I'm glad to know better. Otherwise, the next phase would be having proper romantic feelings. I would start hoping for romantic things, and I could end up pretending I can be romantic like they are in those shows.

Fuck, if only I could be more like the people in those shows, then I might have taken more risks in life. But I'm not.

I manage a small smile. "Do you think Tamara knows we got married?"

He lifts both eyebrows as if he hadn't considered that before. "It's likely, I guess. If she follows anyone on social media… or if she's still in touch with any of her friends from Seattle and someone told her…"

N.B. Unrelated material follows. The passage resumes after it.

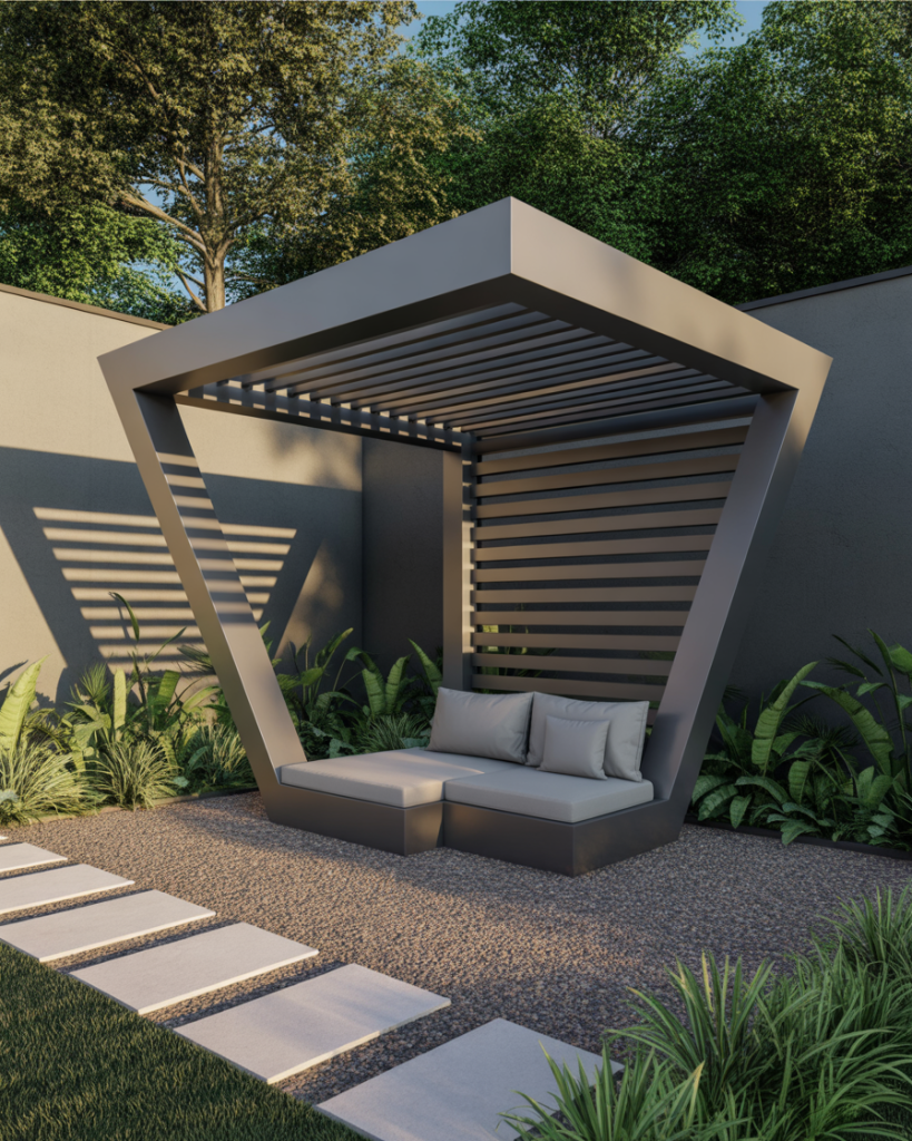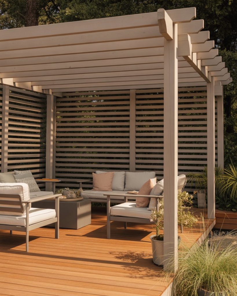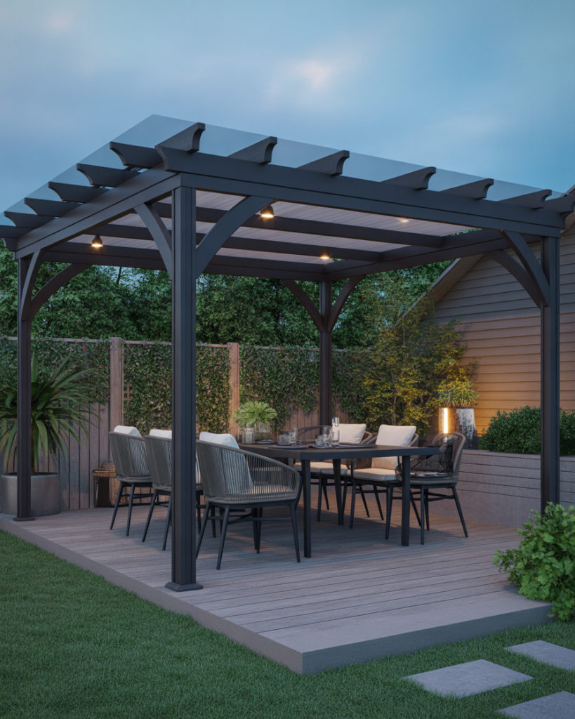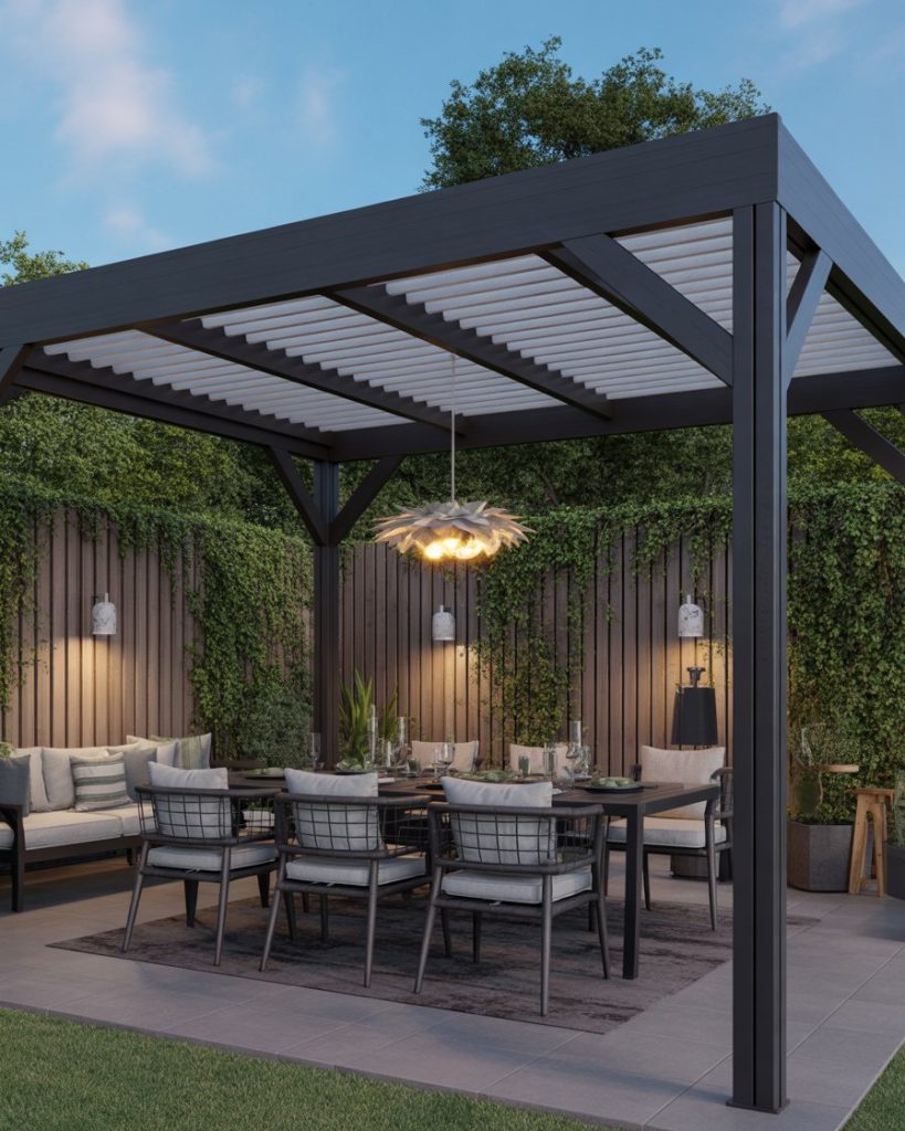 A sleek steel pergola with adjustable slats offers precise shade control—perfect for sunny outdoor areas. This structure looks sophisticated and pairs nicely with concrete pavers or a composite deck. Many design influencers say slatted roofs are trending because they adapt to weather easily. It’s a smart upgrade when you want modern function without overbuilding.

"What do you think she makes of it?"

"I think she'd still be trying very hard not to be jealous. Just like she tried back then."

It shouldn't make me feel better that she was just as jealous of me as I was of her, where neither of us tried to make a big deal out of it. But if I can barely manage the way my body has been acting lately, I have much less power over my heart.

The ledge I step onto is made of old brick and mortar, just like Bear described. Nothing touches me, but I'm wearing a harness and I'm hooked to thick bungee cords.